Mãe, eu sei que o passado ainda dói. Sei como é longo e dolorido o processo de cortar as raízes que nos machucam, pois, por vezes, elas são as mesmas que ainda nos mantêm em pé.
Eu sei que às vezes tudo se torna pesado. E que nos ensinaram que a leveza vem de dentro. Mas dentro é um lugar que nem sempre estamos dispostos a visitar e observar com calma. Sabemos que essa viagem nos desorganiza ainda mais antes de vir a ser cura.
Assim, mãe, todos buscamos muletas. Suportes adicionais que comportem o peso das nossas dores. E a gente continua. Mais devagar do que antes, mas continua. Não tocamos no que julgamos insuportável, mas nossas mãos se resignam a nunca mais alcançar as estrelas.
Mas tem horas que a gente se distrai do medo, sabe? Tem horas que a nossa essência grita. Berra. Com sede de andar de balanço. De tirar os pés do chão. De se sujar na areia. De cair e esculpir novos hematomas, só pra te ver sorrir de alívio ao testemunhar mais uma vez a capacidade ainda viva de se permitir curar.
E sempre que esse ímpeto, que essa lucidez tomar conta de ti, mãe, eu vou estar aqui.

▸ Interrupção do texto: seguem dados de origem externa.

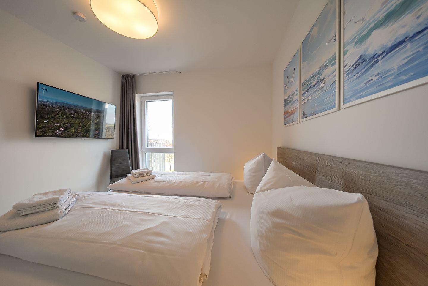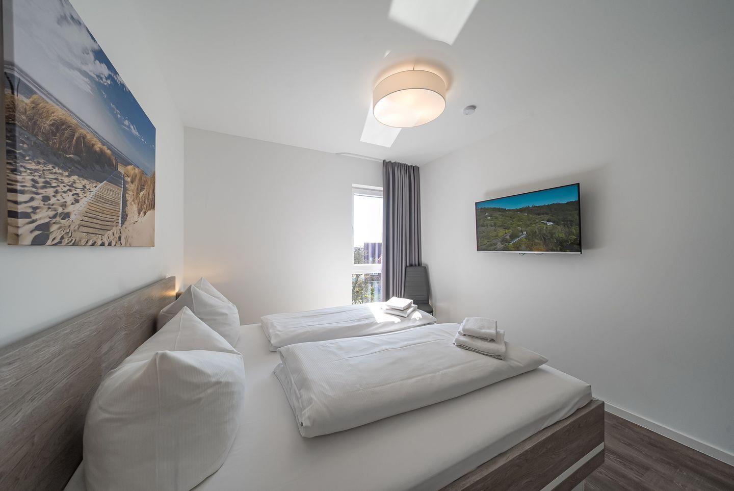 Es stehen euch zwei separate Schlafzimmer mit Doppelbett (1,80 x 2,00 m) und Kleiderschrank zur Verfügung. In beiden Schlafzimmern befindet sich ein eigener SAT-TV (43 Zoll) und es kann auf Wunsch und gegen Entgelt ein Kinderbett aufgestellt werden. Das großzügige Tageslicht-Badezimmer mit Fußbodenheizung bietet euch eine private Sauna, Badewanne, ebenerdige Regendusche, Waschbecken und WC und verfügt über einen Föhn.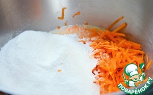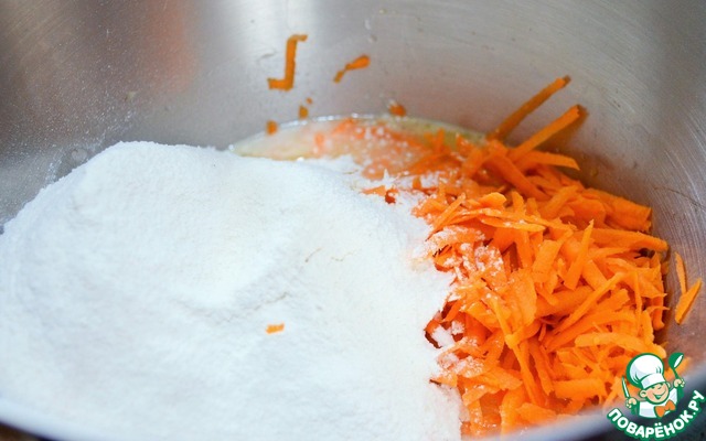 Добавить просеянную муку, тертую морковь.

Vou estar aqui para te lembrar, quantas vezes for preciso, que, até aqui, tu fizeste o melhor que pode. Para que culpa nenhuma te impeça de sonhar.
Vou estar aqui como testemunha da tua força. Como a legitimação viva da tua história.
Daremos as mãos e saberemos, silenciosamente, até onde podemos voar. Afinal, compartilhamos as mesmas raízes.